_Exercise goal:_
Look through the records below for the line with "El venidero domingo". Return that line and each one after it up to and including the line with "REPAIRS,修理你的船只", exactly.

_Extracted records:_

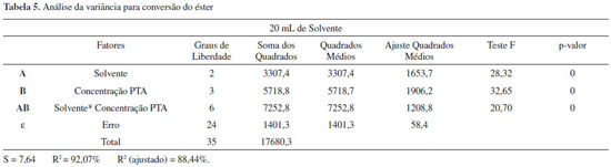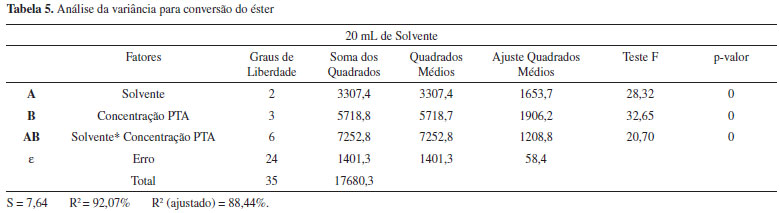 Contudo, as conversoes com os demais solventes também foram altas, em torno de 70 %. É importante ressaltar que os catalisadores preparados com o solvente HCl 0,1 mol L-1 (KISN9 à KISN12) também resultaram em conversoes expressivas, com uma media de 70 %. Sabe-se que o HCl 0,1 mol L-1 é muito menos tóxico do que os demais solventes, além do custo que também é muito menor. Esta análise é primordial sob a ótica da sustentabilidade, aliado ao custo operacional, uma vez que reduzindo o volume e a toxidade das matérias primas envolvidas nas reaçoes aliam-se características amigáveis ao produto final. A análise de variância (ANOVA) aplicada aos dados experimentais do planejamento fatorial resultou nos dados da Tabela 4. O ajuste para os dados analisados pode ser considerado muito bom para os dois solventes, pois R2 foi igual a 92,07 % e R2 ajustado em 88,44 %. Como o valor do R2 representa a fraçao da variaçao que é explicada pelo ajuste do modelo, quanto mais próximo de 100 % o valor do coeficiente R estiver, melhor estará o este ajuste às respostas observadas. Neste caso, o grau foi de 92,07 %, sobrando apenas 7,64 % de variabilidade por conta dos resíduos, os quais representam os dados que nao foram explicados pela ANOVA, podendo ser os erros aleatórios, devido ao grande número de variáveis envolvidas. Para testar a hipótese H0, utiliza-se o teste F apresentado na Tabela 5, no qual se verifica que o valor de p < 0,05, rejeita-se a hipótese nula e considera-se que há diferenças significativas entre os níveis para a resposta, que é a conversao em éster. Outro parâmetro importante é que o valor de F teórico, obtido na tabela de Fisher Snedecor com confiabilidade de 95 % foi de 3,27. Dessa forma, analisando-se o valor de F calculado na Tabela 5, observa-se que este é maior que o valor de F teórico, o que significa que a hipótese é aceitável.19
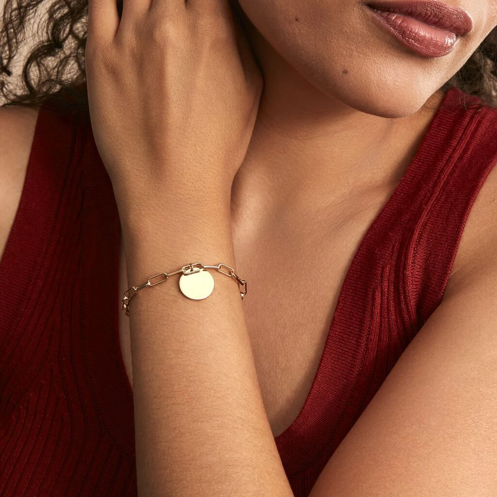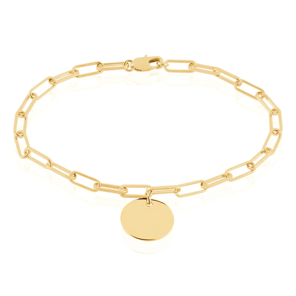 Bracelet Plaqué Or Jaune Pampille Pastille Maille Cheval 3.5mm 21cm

...

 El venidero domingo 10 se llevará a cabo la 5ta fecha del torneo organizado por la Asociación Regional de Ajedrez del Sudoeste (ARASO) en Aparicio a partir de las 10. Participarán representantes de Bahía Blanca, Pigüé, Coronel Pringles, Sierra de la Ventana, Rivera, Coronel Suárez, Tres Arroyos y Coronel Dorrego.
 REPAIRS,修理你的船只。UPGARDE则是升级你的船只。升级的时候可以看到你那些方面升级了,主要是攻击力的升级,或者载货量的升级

_Response to the exercise:_
 El venidero domingo 10 se llevará a cabo la 5ta fecha del torneo organizado por la Asociación Regional de Ajedrez del Sudoeste (ARASO) en Aparicio a partir de las 10. Participarán representantes de Bahía Blanca, Pigüé, Coronel Pringles, Sierra de la Ventana, Rivera, Coronel Suárez, Tres Arroyos y Coronel Dorrego.
 REPAIRS,修理你的船只。UPGARDE则是升级你的船只。升级的时候可以看到你那些方面升级了,主要是攻击力的升级,或者载货量的升级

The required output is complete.